_Task objective:_
An exact transcription of all the data is required; the pictures are to be left out.

_Data segment:_
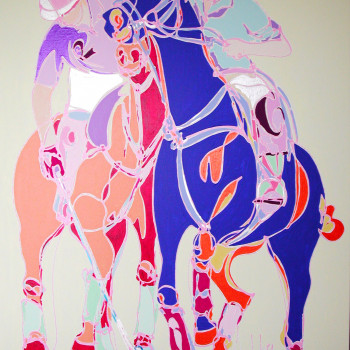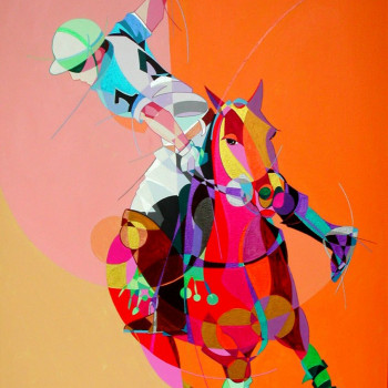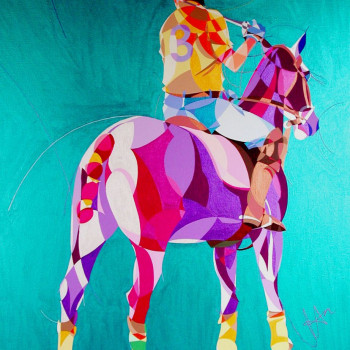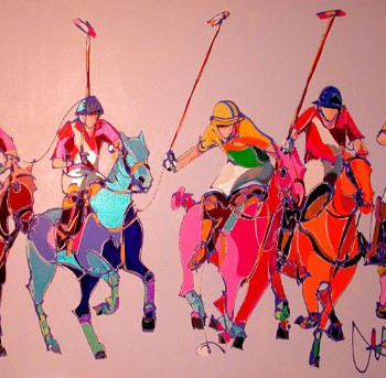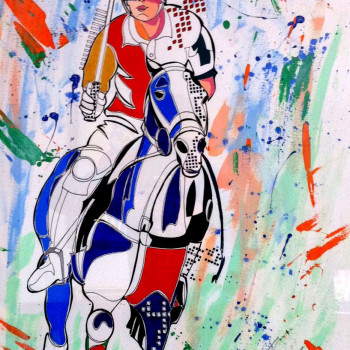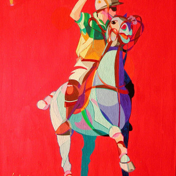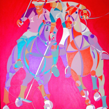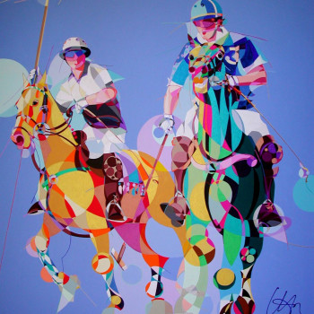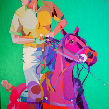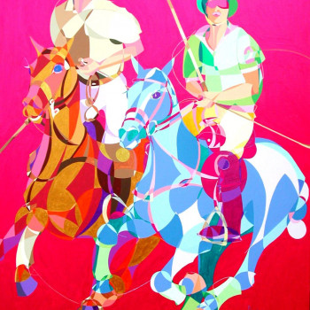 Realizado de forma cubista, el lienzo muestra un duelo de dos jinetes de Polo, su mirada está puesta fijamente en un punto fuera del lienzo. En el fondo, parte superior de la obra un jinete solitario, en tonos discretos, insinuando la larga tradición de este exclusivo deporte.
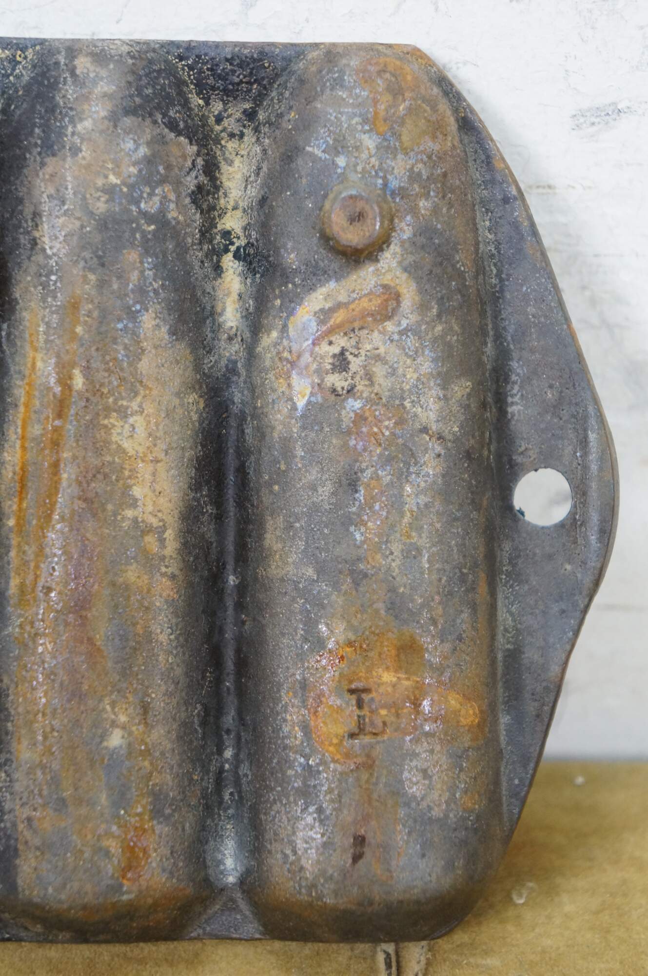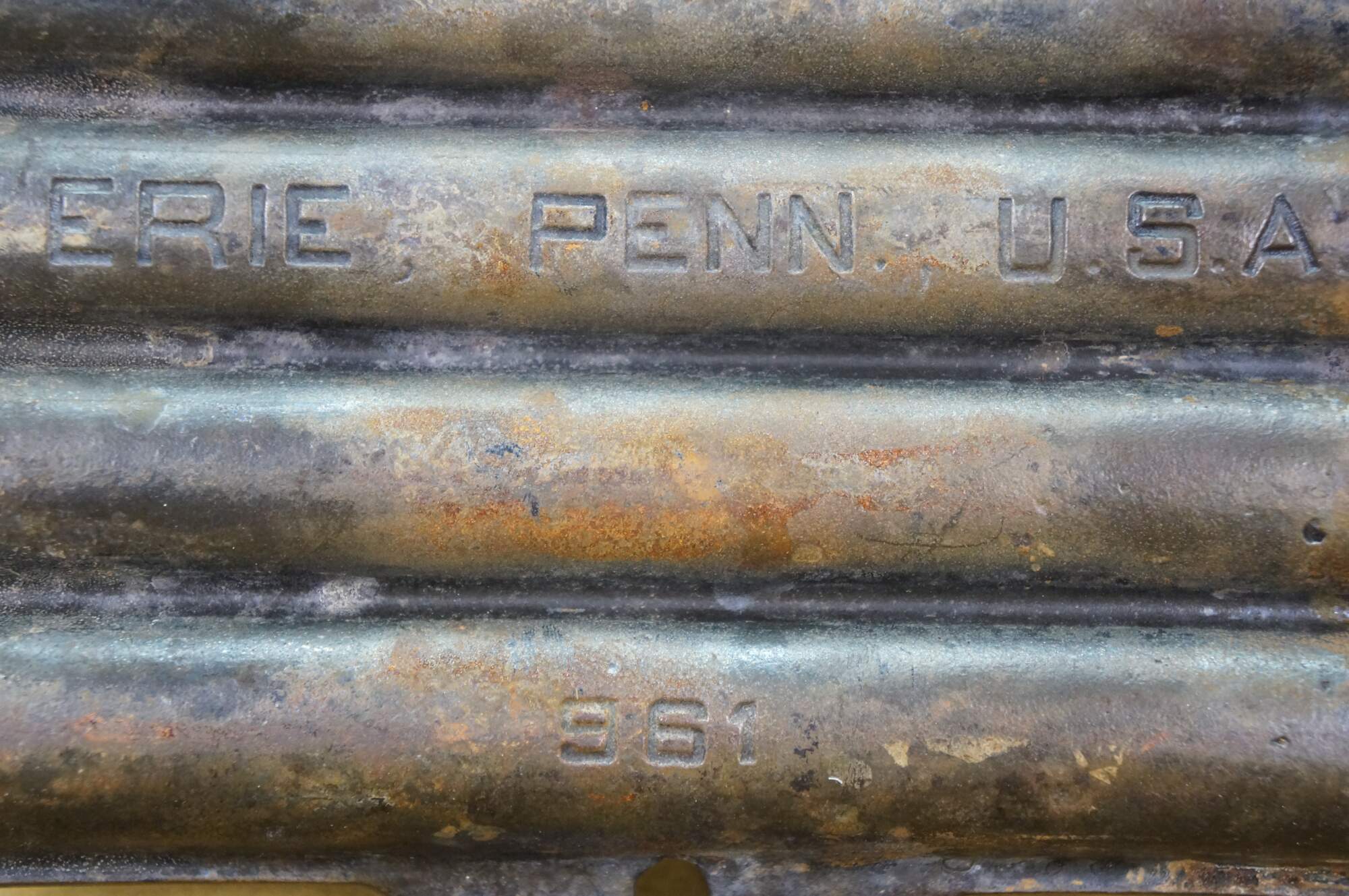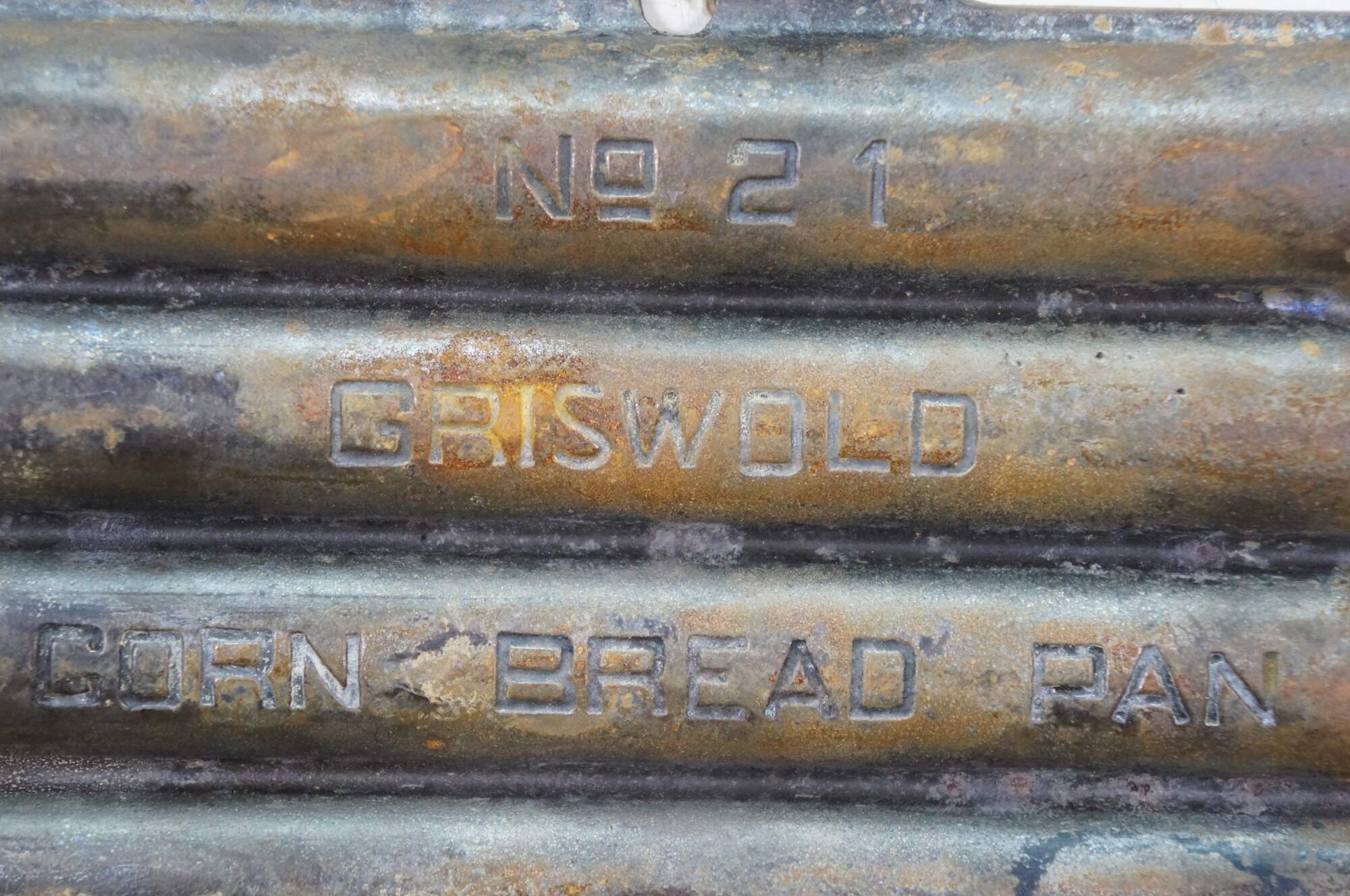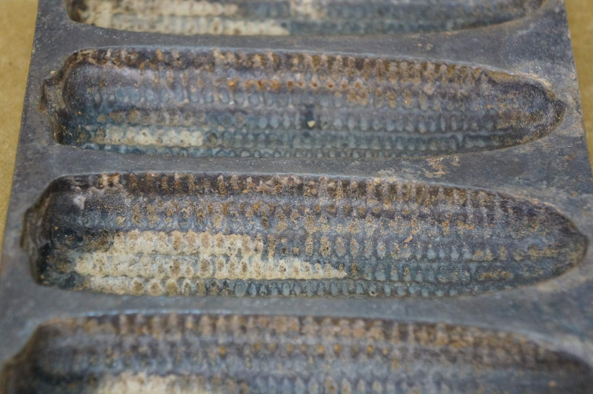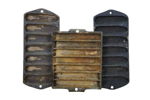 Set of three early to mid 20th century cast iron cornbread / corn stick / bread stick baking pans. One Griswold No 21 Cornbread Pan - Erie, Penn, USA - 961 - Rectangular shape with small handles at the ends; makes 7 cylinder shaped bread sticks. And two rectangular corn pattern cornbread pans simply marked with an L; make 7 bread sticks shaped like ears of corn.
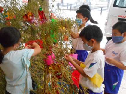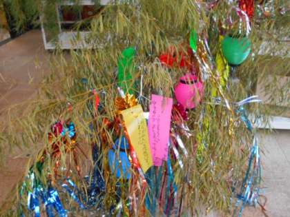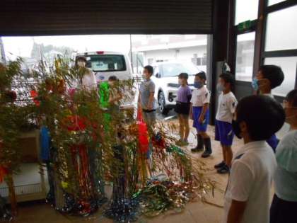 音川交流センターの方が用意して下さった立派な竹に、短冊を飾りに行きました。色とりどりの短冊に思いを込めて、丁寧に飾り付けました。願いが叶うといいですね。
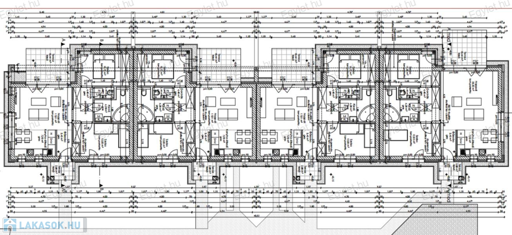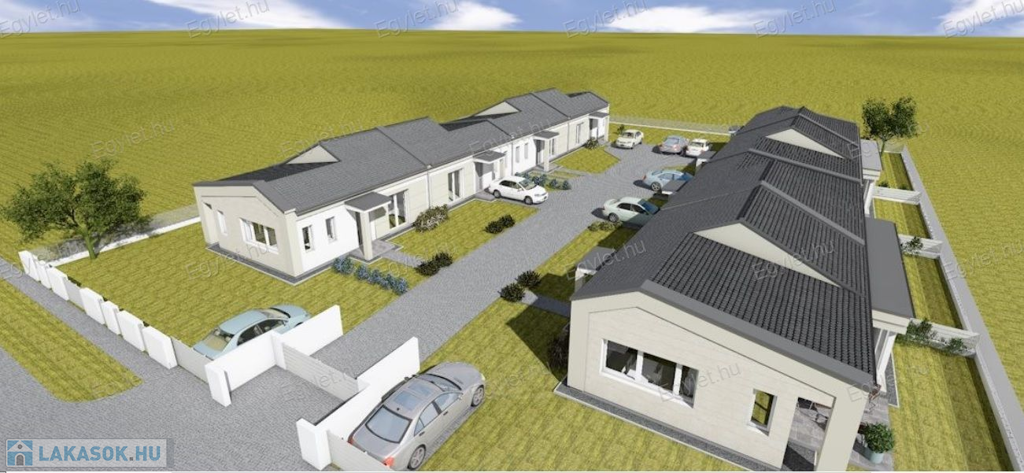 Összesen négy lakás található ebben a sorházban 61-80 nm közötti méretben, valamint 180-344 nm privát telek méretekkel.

_Task result:_
 Realizado de forma cubista, el lienzo muestra un duelo de dos jinetes de Polo, su mirada está puesta fijamente en un punto fuera del lienzo. En el fondo, parte superior de la obra un jinete solitario, en tonos discretos, insinuando la larga tradición de este exclusivo deporte.
 Set of three early to mid 20th century cast iron cornbread / corn stick / bread stick baking pans. One Griswold No 21 Cornbread Pan - Erie, Penn, USA - 961 - Rectangular shape with small handles at the ends; makes 7 cylinder shaped bread sticks. And two rectangular corn pattern cornbread pans simply marked with an L; make 7 bread sticks shaped like ears of corn.
 音川交流センターの方が用意して下さった立派な竹に、短冊を飾りに行きました。色とりどりの短冊に思いを込めて、丁寧に飾り付けました。願いが叶うといいですね。
 Összesen négy lakás található ebben a sorházban 61-80 nm közötti méretben, valamint 180-344 nm privát telek méretekkel.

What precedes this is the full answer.